2" OAL 0.750 bearing, 0.500 chucking dia
3" OAL 0.750 bearing, 0.375/0.500 chucking dia
4" OAL 0.750 bearing, 0.375/0.500 chucking dia
6" OAL 22mm bearing, reduced neck, 0.375/0.500 chucking dia

the 6 inch one is the one i really wanted to make for _bastard*_ CNC setups where i have raw stock over hang and only 0.25 of machined material sticking out of the vise to sweep a dial on, it has a 50 buck 22mm bearing on the end of it, i peeled the seals off, flushed the grease out with methl-hydrate so it spins (and stops) more freely

simple to use, chuck, run, slowly bring to edge, when the outer race stops spinning, you've found it. the bearings with the plastic seals on it (with brands and whatnot on it) are easier to see vs. ones with metal seals

making em:

my ER collet chuck for my Okuma LS had too much run out for my liking (0.0005 on the taper)...so i bored some softjaws and chucked a 5c collet chuck, still not good enough (0.0002 was the best i could get after hitting with a brass hammer for a bit)

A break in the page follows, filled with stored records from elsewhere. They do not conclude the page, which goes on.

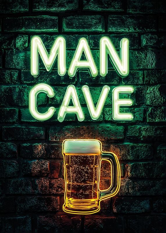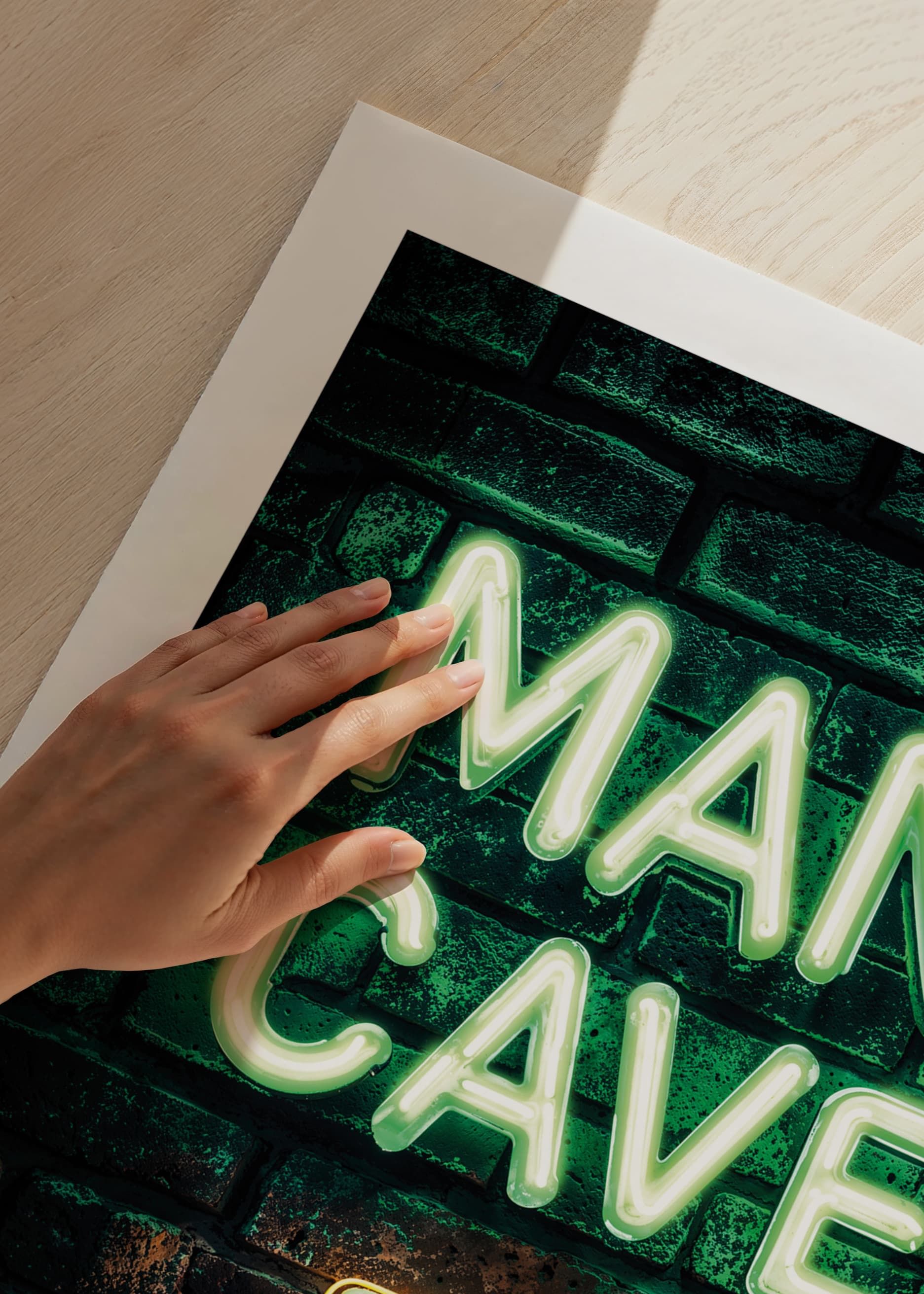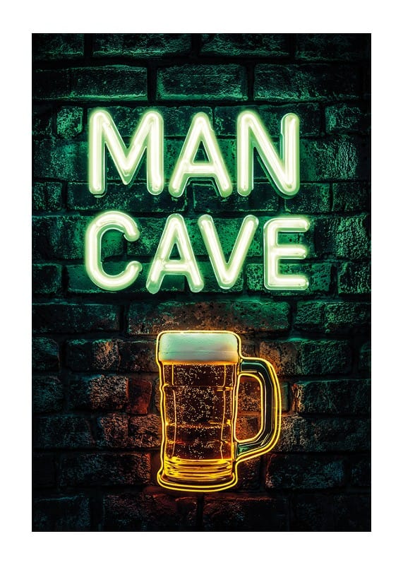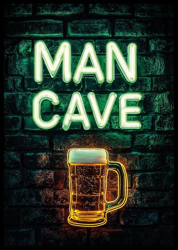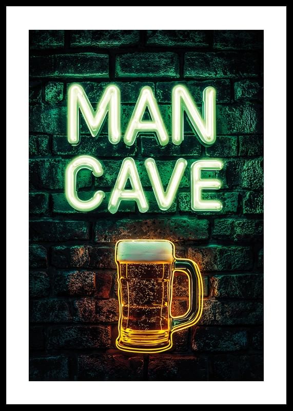 Skapa den ultimata stämningen i ditt hem med vår exklusiva "Man Cave"-poster. Den lysande neontexten och ölglaset i retrodesign på en rustik tegelvägg ger en känsla av energi och personlig stil. Perfekt för spelrummet, hemmabaren eller vardagsrummet – en statement-poster för den som vill skapa en plats för gemenskap och njutning. Låt denna ikoniska design lysa upp din favoritplats.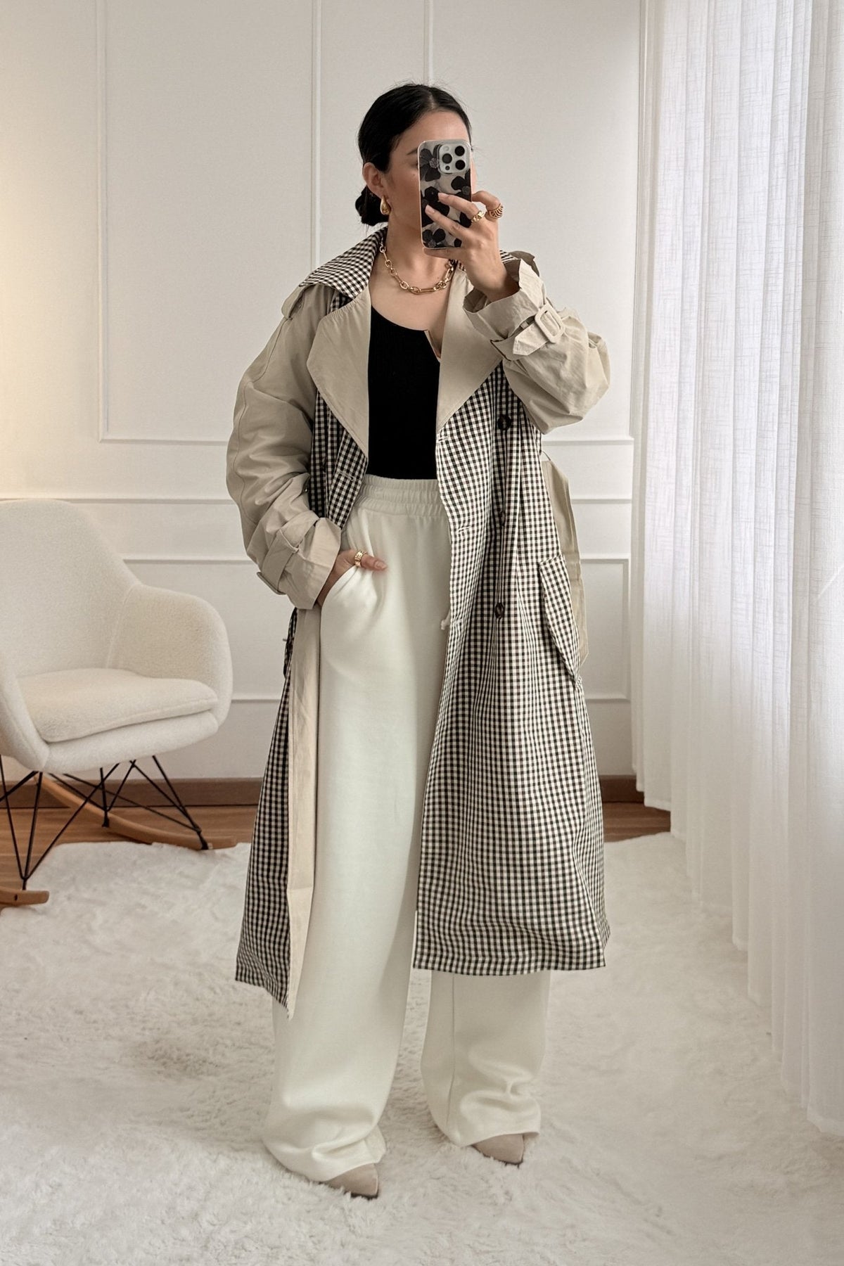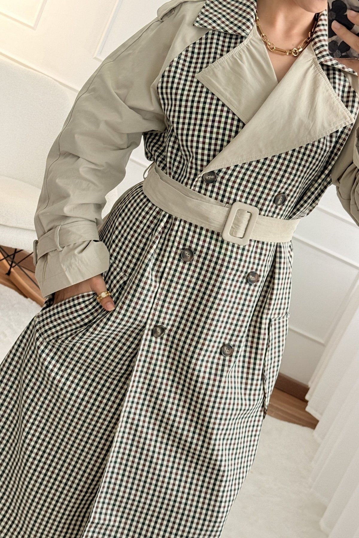 Károvaný trenčkot DROLE DE COPINE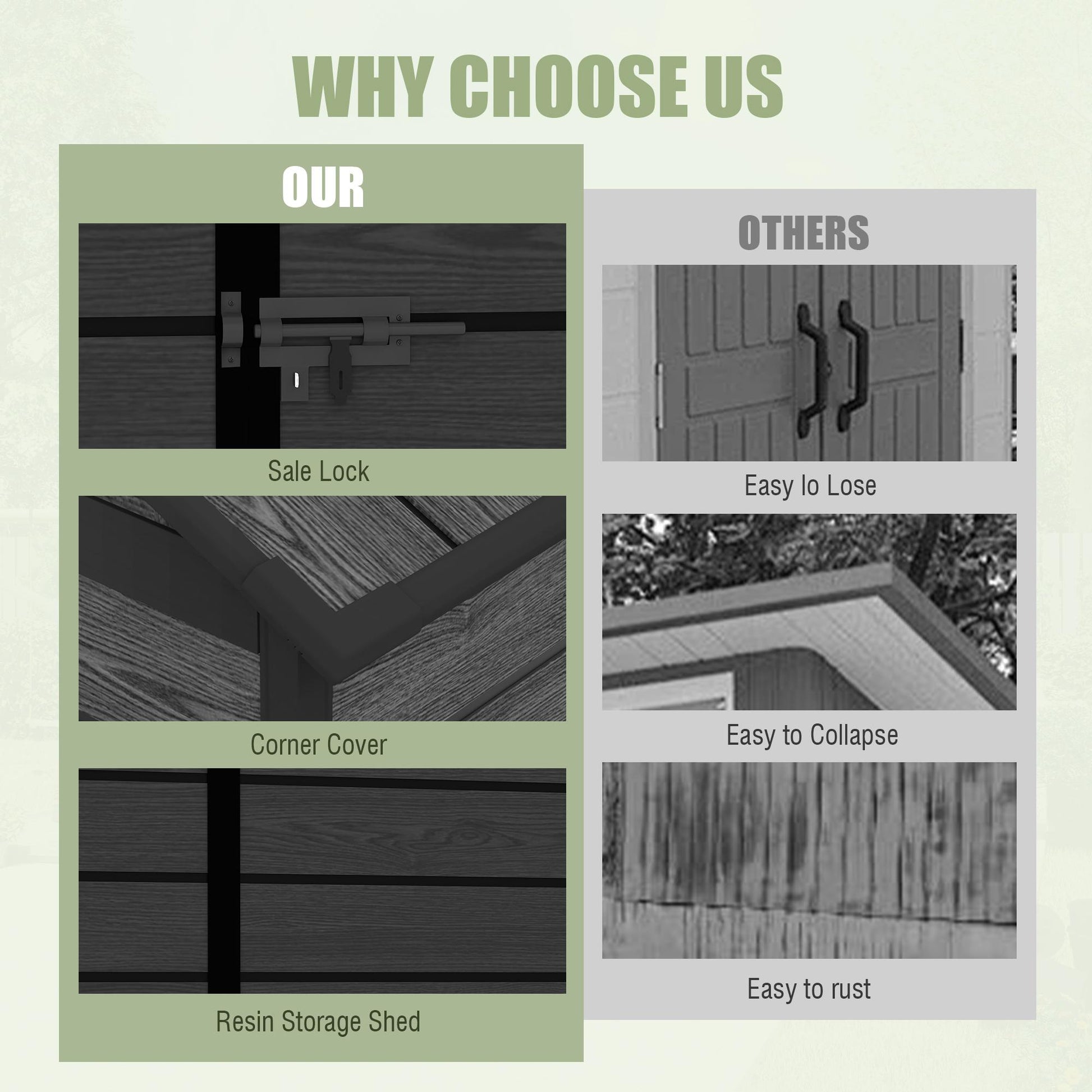 Large Storage Shed: provides ample storage space for various items. Ideal for storing a range of items such as snow blowers, lawnmowers, outdoor chairs, bikes, motorcycle,grills, generators, and more. Compared to resin tool sheds, metal tool sheds provide better wind and snow resistance and are more durable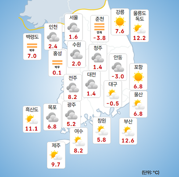 부산지방기상청에 따르면 이날 오전 9시 현재 주요 지역의 기온은 부산 12.6도, 울산 6.8도, 창원 5.8도로 기록됐다.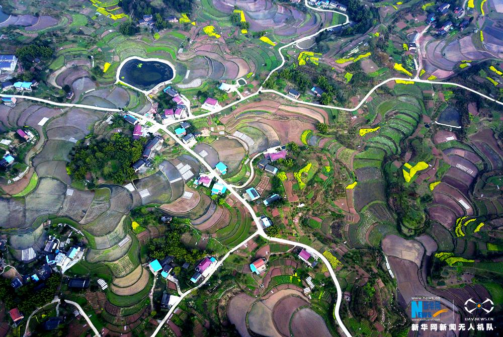 ????要致富,先修路。重庆市忠县花桥镇天井村便是修路致富的典型例子,从几年前的泥泞路,到如今四通八达的水泥公路,天井村已经从贫困落后的老旧村落,转身为具有田园风光的美丽乡村。图为2017年3月,航拍重庆忠县天井村全貌,白色的水泥公路四通八达。新华网发(伍北海 摄)

i ended up using the collet chuck to rough, and i finished between centers, practically zero runout, which was my biggest concern with the 6 inch one. I used DNMG - 221 S/S grade inserts, but i've have no prob in the past with general purpose inserts, i wanted the s/s inserts because i took a light skim cut (0.0005) to 'true' up the 0.500 diameter for chucking (@ 2000 RPM 0.002 feed) I'd run it faster if i could but thats the fastest my manual lathe runs and it would take too long to program and set up on one of the CNC lathes. the 1 rad (1/64) TNR is great for undercutting fillets (which i always do on tooling)

these four were made from 1/2 inch O-1 drill rod, my favorite/most common side project material..bearings were pressed on. all of them (except for the 2inch stub) have turned 0.500 and 0.375 dia for chucking (my two most commonly used collets)














on a 5 month old Haas VF-1 the 6 inch had 0.0001 repeatability or better (after touching off the 1-2-3 block, i zeroed the operator page, backed off and found the edge again, the next ten or so times i found that edge the op page read +0.0001)...done at 1000 RPM

the three others have shitty bearings and i'll prob be replacing them in the future, but good enough for a manual mill with 0.0005 repeatability on a POS Dahlih mill

with the short ones on a manual mill, theres nothing to break, and if you go too far the table will go no where further (hand feed talkin here)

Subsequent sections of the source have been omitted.